↓↓↓

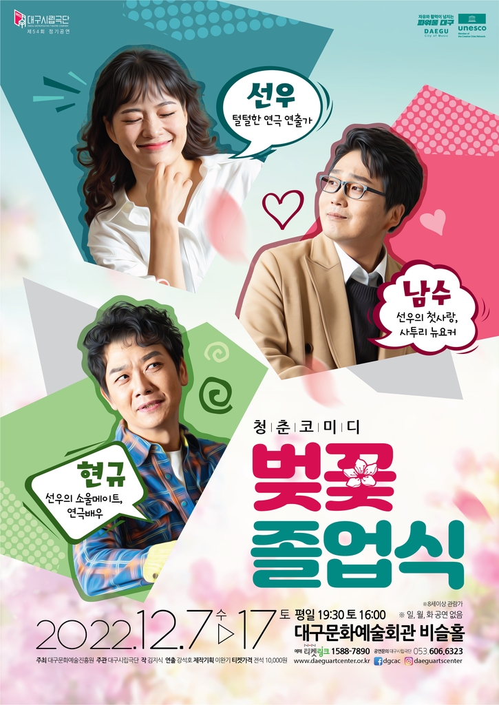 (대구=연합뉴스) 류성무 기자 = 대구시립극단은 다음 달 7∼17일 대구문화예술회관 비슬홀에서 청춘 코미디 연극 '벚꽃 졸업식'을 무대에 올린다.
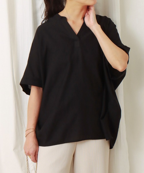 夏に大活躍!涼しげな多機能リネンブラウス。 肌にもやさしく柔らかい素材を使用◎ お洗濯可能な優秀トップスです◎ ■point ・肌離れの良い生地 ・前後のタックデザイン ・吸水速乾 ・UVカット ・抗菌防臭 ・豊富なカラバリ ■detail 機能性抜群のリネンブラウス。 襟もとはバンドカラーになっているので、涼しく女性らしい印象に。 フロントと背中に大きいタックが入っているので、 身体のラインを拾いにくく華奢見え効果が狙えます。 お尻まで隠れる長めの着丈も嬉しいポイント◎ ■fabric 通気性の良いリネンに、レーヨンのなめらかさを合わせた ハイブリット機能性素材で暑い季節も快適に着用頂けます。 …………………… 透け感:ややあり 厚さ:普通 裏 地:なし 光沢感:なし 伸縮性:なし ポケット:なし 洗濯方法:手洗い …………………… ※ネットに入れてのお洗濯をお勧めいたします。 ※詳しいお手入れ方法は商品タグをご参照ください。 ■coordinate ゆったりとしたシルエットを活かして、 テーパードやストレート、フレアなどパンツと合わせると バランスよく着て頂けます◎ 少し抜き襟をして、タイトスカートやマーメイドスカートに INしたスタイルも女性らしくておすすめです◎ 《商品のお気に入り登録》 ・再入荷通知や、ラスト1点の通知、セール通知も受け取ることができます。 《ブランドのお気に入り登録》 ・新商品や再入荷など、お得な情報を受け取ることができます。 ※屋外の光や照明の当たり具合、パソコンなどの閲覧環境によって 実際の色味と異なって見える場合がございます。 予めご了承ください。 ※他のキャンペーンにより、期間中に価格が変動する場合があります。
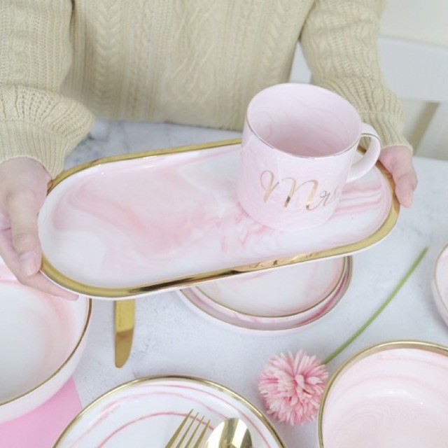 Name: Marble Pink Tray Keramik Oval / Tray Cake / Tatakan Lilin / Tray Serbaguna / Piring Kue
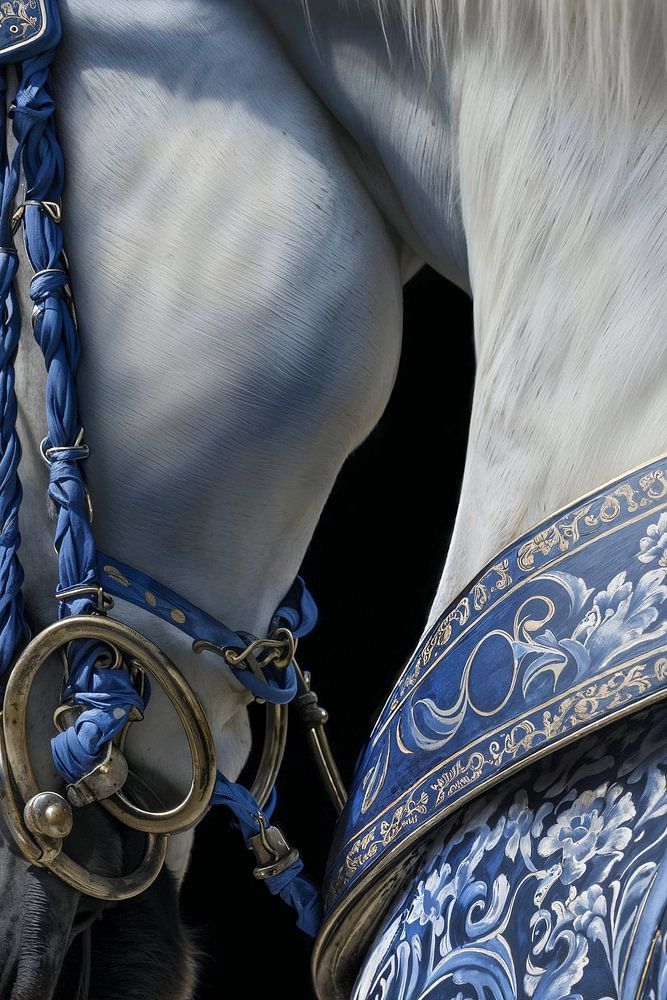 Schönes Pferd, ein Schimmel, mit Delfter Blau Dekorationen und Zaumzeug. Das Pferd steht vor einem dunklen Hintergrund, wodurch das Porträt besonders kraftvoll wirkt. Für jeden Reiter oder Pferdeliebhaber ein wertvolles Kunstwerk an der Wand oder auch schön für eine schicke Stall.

↑↑↑
↓↓↓

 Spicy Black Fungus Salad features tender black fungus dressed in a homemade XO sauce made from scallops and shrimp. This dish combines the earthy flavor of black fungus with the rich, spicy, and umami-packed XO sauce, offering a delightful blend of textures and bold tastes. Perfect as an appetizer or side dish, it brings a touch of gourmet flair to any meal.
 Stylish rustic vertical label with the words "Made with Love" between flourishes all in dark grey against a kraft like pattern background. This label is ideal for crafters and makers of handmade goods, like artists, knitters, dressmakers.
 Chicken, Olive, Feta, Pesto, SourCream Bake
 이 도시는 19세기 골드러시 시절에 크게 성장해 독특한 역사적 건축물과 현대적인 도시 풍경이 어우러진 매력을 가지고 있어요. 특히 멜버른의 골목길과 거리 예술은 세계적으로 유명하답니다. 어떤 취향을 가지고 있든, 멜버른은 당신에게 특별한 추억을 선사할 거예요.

↑↑↑

*DIRECTIONS FOR THIS TASK*.
The expected answer is a copy of each line in the listing above that contains "with".

*EXERCISE SOLUTION*.
 Spicy Black Fungus Salad features tender black fungus dressed in a homemade XO sauce made from scallops and shrimp. This dish combines the earthy flavor of black fungus with the rich, spicy, and umami-packed XO sauce, offering a delightful blend of textures and bold tastes. Perfect as an appetizer or side dish, it brings a touch of gourmet flair to any meal.
 Stylish rustic vertical label with the words "Made with Love" between flourishes all in dark grey against a kraft like pattern background. This label is ideal for crafters and makers of handmade goods, like artists, knitters, dressmakers.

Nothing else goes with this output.